Here's a little inspiration that I read last night from an RE that posted to someone's question on some forum. He was saying that he tells his patients that he expects most people will have to do 2-3 cycles of IVF to get pregnant, since this is how it happens in the real world as well. Not every body gets pregnant right away when trying naturally, so it makes sense that it wouldn't always happen right away even with IVF. Anyway, it gave me a lot of hope.

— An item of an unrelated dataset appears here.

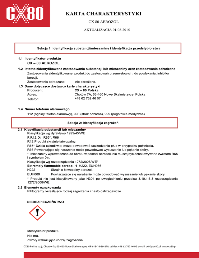 KARTA CHARAKTERYSTYKI CX 80 AEROZOL AKTUALIZACJA 01-08-2015 Sekcja 1: Identyfikacja substancji/mieszaniny i identyfikacja przedsiębiorstwa 1.1 Identyfikator produktu CX – 80 AEROZOL 1.2 Istotne zidentyfikowane zastosowania substancji lub mieszaniny oraz zastosowania odradzane Zastosowania zidentyfikowane: produkt do zastosowań przemysłowych, do powlekania, inhibitor korozji. Zastosowania odradzane: nie określono. 1.3 Dane dotyczące dostawcy karty charakterystyki CX – 80 Polska Producent: Adres: Chotów 7A, 63-460 Nowe Skalmierzyce, Polska +48 62 762 46 07 Telefon: 1.4 Numer telefonu alarmowego 112 (ogólny telefon alarmowy), 998 (straż pożarna), 999 (pogotowie medyczne) Sekcja 2: Identyfikacja zagrożeń 2.1 Klasyfikacja substancji lub mieszaniny Klasyfikacja wg dyrektywy 1999/45/WE F.R12, Xn R65*, R66 R12 Produkt skrajnie łatwopalny. R65* Działa szkodliwie; może powodować uszkodzenie płuc w przypadku połknięcia. R66 Powtarzające się narażenie może powodować wysuszanie lub pękanie skóry. * Mieszaniny wprowadzane do obrotu w postaci aerozoli, nie muszą być oznakowywane zwrotem R65 i symbolem Xn. Klasyfikacja wg rozporządzenia 1272/2008/WE* Extremely flammable aerosol. 1 H222, EUH066 H222 Skrajnie łatwopalny aerozol. EUH066 Powtarzające się narażenie może powodować wysuszanie lub pękanie skóry. * Produkt nie jest klasyfikowany jako H304 po uwzględnieniu przepisu 3.10.1.6.3 rozporządzenia 1272/2008/WE. 2.2 Elementy oznakowania Piktogramy określające rodzaj zagrożenia i hasło ostrzegawcze NIEBEZPIECZEŃSTWO Identyfikator produktu. Nie ma. Zwroty wskazujące rodzaj zagrożenia KARTA CHARAKTERYSTYKI CX 80 AEROZOL AKTUALIZACJA 01-08-2015 H222 Skrajnie łatwopalny aerozol. EUH066 Powtarzające się narażenie może powodować wysuszanie lub pękanie skóry. Zwroty wskazujące środki ostrożności P210 Przechowywać z dala od źródeł ciepła/iskrzenia/otwartego ognia/gorących powierzchni. Palenie wzbronione. P260 Nie wdychać rozpylonej cieczy. Stosować rękawice ochronne/odzież ochronną/ochronę oczu/ochronę twarzy. Dodatkowe informacje Pojemnik pod ciśnieniem: chronić przed słońcem i nagrzaniem powyżej temperatury 50o C. Nie przekłuwać ani nie spalać, także po zużyciu. Nie rozpylać nad otwartym płomieniem lub żarzącym się materiałem. Nie przechowywać w pobliżu źródeł zapłonu – nie palić tytoniu. Chronić przed dziećmi. 2.3 Inne zagrożenia Brak informacji na temat spełnienia kryteriów PBT lub vPvB zgodnie z załącznikiem XIII rozporządzenia REACH. Odpowiednie badania nie były przeprowadzone. Sekcja 3: Skład/informacja o składnikach 3.1 Substancje Nie dotyczy. 3.2 Mieszaniny benzyna ciężka obrabiana wodorem (ropa naftowa) Zakres stężeń: 40-50% Numer CAS: 64742-48-9 Numer WE: 265-150-3 Numer rejestracji właściwej: substancja podlega przepisom okresu przejściowego Klasyfikacja wg 67/548/EWG*: R10; Xn R65; R66 Klasyfikacja wg 1272/2008/WE*: Flam. Liq. 3 H226; Asp. Tox. 1 H304; EUH066 *klasyfikacja po uwzględnieniu noty/uwagi H i P, komponent zawiera poniżej 0,1 % wag. benzenu mieszanina: propan/butan/izobutan Zakres stężeń: 40-60% Numer CAS: 74-98-6/106-97-8/75-28-5 Numer WE: 200-827-9/203-448-7/200-857-2 Numer rejestracji właściwej: substancja podlega przepisom okresu przejściowego Klasyfikacja wg 67/548/EWG: F+ R12 Klasyfikacja wg 1272/2008/WE: Flam. Gas 1 H220, Press. Gas H280 Propan i butan - substancje z określoną na poziomie krajowym wartością najwyższego dopuszczalnego stężenia w środowisku pracy. Pełen tekst zwrotów R i H przytoczony został w sekcji 16 karty. Sekcja 4: Środki pierwszej pomocy 4.1 Opis środków pierwszej pomocy W kontakcie ze skórą: zdjąć zanieczyszczoną odzież. Narażone partie skóry zmyć dokładnie dużą ilością wody z mydłem. W przypadku wystąpienia niepokojących objawów skonsultować się z lekarzem. W kontakcie z oczami: wyjąć szkła kontaktowe. Zanieczyszczone oczy przepłukiwać dokładnie wodą przez co najmniej 15 min. Unikać silnego strumienia wody - ryzyko uszkodzenia rogówki. Skontaktować się z lekarzem okulistą w przypadku wystąpienia podrażnienia. W przypadku spożycia: narażenie tą drogą zazwyczaj nie występuje. W razie spożycia nie KARTA CHARAKTERYSTYKI CX 80 AEROZOL AKTUALIZACJA 01-08-2015 wywoływać wymiotów. Wypłukać usta wodą. Nigdy nie podawać niczego do ust osobie nieprzytomnej. Natychmiast skonsultować się z lekarzem. Po narażeniu drogą oddechową: wyprowadzić poszkodowanego na świeże powietrze, zapewnić ciepło i spokój. Wezwać pomoc medyczną w przypadku dalszego występowania objawów lub w przypadku ich nasilania się. 4.2 Najważniejsze ostre i opóźnione objawy oraz skutki narażenia W kontakcie z oczami: zaczerwienienie, łzawienie, chwilowe podrażnienie. W kontakcie ze skórą: zaczerwienienie, wysuszenie, pękanie, zapalenie skóry, ryzyko absorpcji przez skórę. Po inhalacji: ból i zawroty głowy, zmęczenie, zmniejszenie koncentracji, nudności, wymioty. Po połknięciu: nie są spodziewane negatywne skutki narażenia. 4.3 Wskazania dotyczące wszelkiej natychmiastowej pomocy lekarskiej i szczególnego postępowania z poszkodowanym Decyzję o sposobie postępowania ratunkowego podejmuje lekarz po dokładnej ocenie stanu poszkodowanego. Sekcja 5: Postępowanie w przypadku pożaru 5.1 Środki gaśnicze Odpowiednie środki gaśnicze: mgła wodna, piana gaśnicza, proszek gaśniczy lub CO 2. Niewłaściwe środki gaśnicze: zwarty strumień wody – niebezpieczeństwo rozprzestrzenienia pożaru. 5.2 Szczególne zagrożenia związane z substancją lub mieszaniną Podczas spalania mogą tworzyć się szkodliwe gazy zawierające m.in. tlenki węgla. Unikać wdychania produktów spalania, mogą stwarzać zagrożenie dla zdrowia. Pary produktu mogą tworzyć wybuchowe mieszaniny z powietrzem. 5.3 Informacje dla straży pożarnej Środki ochrony ogólnej typowe w przypadku pożaru. Nie należy

Most things don't just happen for me (at least as far as fertility goes), so I kinda figured I wasn't going to necessarily get pregnant right away. I am very confident though that it will happen for us, but that we just have to work at it a little bit. I am actually very optimistic about this upcoming FET cycle
Thanks again to all for your kind words.
For those of you on the 2ww wait, I don't envy you, and am not looking forward to going there again. Just a little pep talk though. Just spoke to my SIL, she had a bad pap smear come back, this has happened before and they were able to do a LEEP to clear her cancerous cells. Anyway, she did a cervical and uterine biopsy this past Friday. I thought she would know the results this week... but no, her doc is making her wait 3 weeks because he wants to "meet" with her in person to talk about it (not good). You think our 2ww is terrible, can you imagine waiting 3 weeks to find out if you have cancer after already having had it before. I can't even imagine it. At least we're waiting for news that doesn't mean our lives could end!
So just wanted to put that 2ww into perspective for all of us.